Już to starczyło by za pretekst do bójki, gdyby nie fakt, że jego słowa potwierdził pomruk bardziej zorientowanych. Przyjaciół jednak z pewnością swoją bezpośredniością sobie nie zaskarbił. Trudno...

- Chłopaki świętej pamięci Rudego! No proszę! Czemu zawdzęczam tak liczną wizytę? I gdzie …. reszta? - Ostry nie ruszył się zza biurka a jego złe oczęta uśmiechały się wesoło. Wesołek może z niego był, ale poza tym znany był z bezwzględności i tego, że pamięta. Raz czy dwa weszli w rewir i musieli później solidnie się z tego mu tłumaczyć. Ale też po prawdzie raz czy dwa robili coś razem. Opłaciło się wszystkim.

- To jest kurwa reszta. Pozostali już... nie przyjdą. - Alex bezceremonialnie sięgnął po stojący na stole gąsior i powąchawszy napił się obficie podając go dalej, druhom. Potrzebowali tego. Tyle że więcej.

- Smutne. - Ostry na zasmuconego nie wyglądał, ale może to była wina tego gównianego, kosego uśmiechu, który wiecznie szpecił mu pysk nadając ostre rysy. Nic z niczego się nie bierze, ksywki wśród „dobrych ludzi” również.

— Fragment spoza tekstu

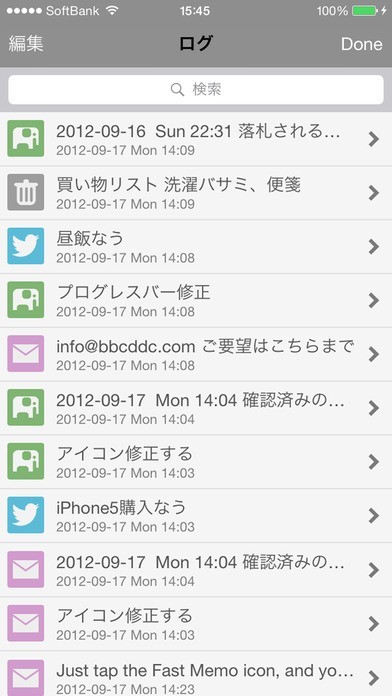 EvernoteやTwitter、メールなどへ送信することでメモを管理できます。

- No my też pogrążyliśmy się w żałobie. By jednak odejście tak wielu ludzi nie pozostało bez sprawiedliwej odpłaty … - Alex położył nacisk na słowie „sprawiedliwej” dla wzmożenia efektu. Wiedział że pamiętliwy skurwiel to doceni. - … potrzebujemy pomocy.

- Nie chcecie mnie wciągnąć w te swoje brudne gierki? … - spytał specjalista od czystych interesów obserwując „chłopaków Rudego” z uśmiechem na twarzy. Coś w jego spojrzeniu bardzo, ale to bardzo się Klausowi nie podobało.

- Nie kurwa. Gdzieżbym kurwa śmiał!? Mamy Haka i Hydermana na karku. Musimy gdzieś się przespać, odpocząć i ułożyć jakiś plan... podziękowań. Potrzebujemy na razie mety. Odwdzięczymy się... - Alex nie lubił prosić, ale z drugiej strony układności nigdy za wiele. By podkreślić swą chęć do kompromisu wyciągnął w kierunku Ostrego pustawego już gąsiora. Przepili obaj...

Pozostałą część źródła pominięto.